Mental health challenges
Beyond the physical symptoms that can be attributed to long COVID, many patients are also dealing with mental health challenges, including depression, anxiety and PTSD, according to Dr. Jordan Anderson, an assistant professor of psychiatry and neurology at Oregon Health & Science University. Since the Long COVID Program began at OHSU Hospital in March 2021, Anderson has worked with over 100 patients to help with their mental health symptoms.
“Oftentimes, the situations that people are in with long COVID are very difficult and challenging, which can contribute to depression,” Anderson said. “The most important thing that I’ve been able to do for the patients that I’ve seen … is to listen and validate them.”
How to treat long COVID
Studies of the true cost and impact of long COVID are in the early stages, with research focused on how many people have long COVID, as well as how to diagnosis and treat it.
“Unfortunately in medicine, we have a lot of things we do know, but we don’t like the unknowns — and there are still a lot of them (with long COVID),” Lowder said.

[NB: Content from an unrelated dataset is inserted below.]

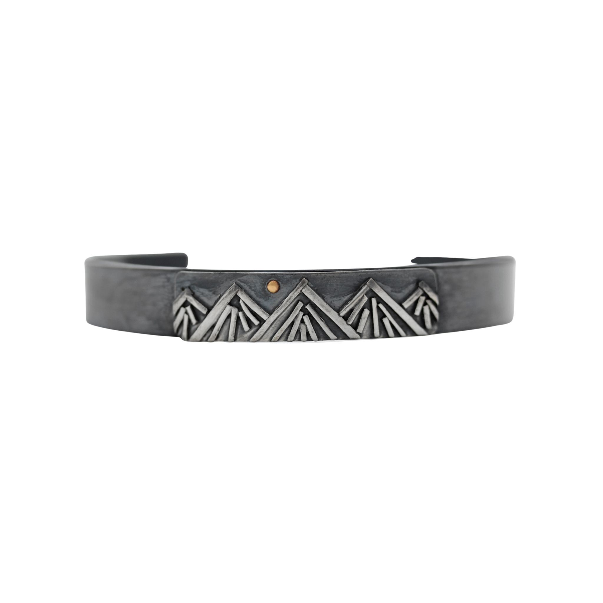 4. Bright Moon Mountain Winter Sterling Silver Oxizided and 22K 1/4” Cuff Bracelet

Lowder works with patients to help manage their symptoms. He refers his patients to a pulmonologist to work with respiratory symptoms, a cardiologist for heart issues, a physical therapist to help with chronic fatigue and a neural psychologist to help with brain fog.
“The good news is … most people get better,” said Dr. James Andrews, assistant professor in the division of rheumatology in the department of medicine at the University of Washington. “The persistent symptoms do tend to get better over time, though it can take a long time.”